The Federal Reserve System Repays the Treasury Most of the Interest It Collects From the Treasury

Recently by Gary North: When Frankie Met Johnny: The 1934 Meeting of Roosevelt and Keynes

Most critics of the Federal Reserve believe that the central bank earns enormous profits as a result of its legal authority to create money. I have tried to correct this misconception for almost 40 years. I keep trying.

The Federal Reserve System does create money to buy U.S. Treasury debt. The Treasury does pay interest to the Federal Reserve on this debt. But the FED does not keep most of this money. It repays the Treasury, after deducting operating expenses: a few billion dollars per year. In 2008, this was a little over $4 billion, or 13% of revenues.

Here is the latest document from the FED: The Federal Reserve Banks: Combined Financial Statements as of and for the Years Ended December 31, 2008 and 2007 and Report of Independent Auditors. The columns appear on page 2. The 2008 figures are in the left-hand column. The 2007 figures are in the right-hand column. According to this audited report, the FED paid the Treasury over $31 billion in 2008.
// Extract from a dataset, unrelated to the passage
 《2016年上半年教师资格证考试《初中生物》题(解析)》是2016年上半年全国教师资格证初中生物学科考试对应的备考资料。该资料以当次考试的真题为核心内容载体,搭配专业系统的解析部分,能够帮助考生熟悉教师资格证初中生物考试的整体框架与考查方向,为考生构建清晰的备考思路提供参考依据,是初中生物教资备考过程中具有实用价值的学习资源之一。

Yes, the FED is audited. It is audited each year by a large accounting firm. This job rotates each year to another firm. The FED determines what the firms are shown and what they are not shown, e.g., the actual gold held by the FED on behalf of the U.S. government. (The firms are not shown the gold. No agency is ever shown the gold, including Congress.)
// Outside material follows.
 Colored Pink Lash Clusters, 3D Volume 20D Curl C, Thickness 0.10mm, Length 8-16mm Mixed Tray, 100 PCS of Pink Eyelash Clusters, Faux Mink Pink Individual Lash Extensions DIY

The author of the typical anti-FED article does not know this. He assumes that the FED pockets all the money. It doesn’t.

Some of the articles insist that the Rothschilds own the FED. They don’t. Member banks do.

Almost none of the authors analyze the FED as (1) the enforcing arm of a huge cartel and (2) lender of last resort to the largest banks. Yet this is the heart of the Federal Reserve System’s function. It protects the largest banks. It always has.

It restricts entry into the field. This is another feature of every cartel: government-restricted entry. This protects above-market returns for members of the cartel.

This means that the Federal Reserve System is a government agency. Anyhow, the Board of Governors is. Look at its site. Its suffix is .gov. The regional banks are all .org.

Turn to any first-year college textbook in economics. Read the chapter on the economics of cartels. Then read the chapter on the Federal Reserve System. There is a total disconnect. The chapter on cartels describes the cartel as benefiting the members by reducing competition. The more free market—oriented textbooks will describe the cartel as reducing efficiency by reducing consumer choice. It may even dispute the claim of every cartel, that it furthers the public good.

The chapter on the FED describes it as an agency favoring the public good. It does not mention the analysis on the chapter on cartels. Yet the analysis of the chapter on cartels fits the FED quite well.

There is widespread ignorance regarding the FED. If you want to understand how the FED works, and what the economic implications are, read these free books on the FED, written by Murray Rothbard, a free market economist who really did understand the FED. Begin here: The Case Against the FED. Then read his textbook on money and banking, The Mystery of Banking. Then read his history of the origins of the FED. See Part 2 of his History of Money and Banking in the U.S.

Finally, read the booklet published by the Federal Reserve Bank of Chicago, Modern Money Mechanics. The booklet shows how the fractional reserve process works. It’s straight from the horse’s mouth! (It has been out of print for many years. Hooray for the Web!)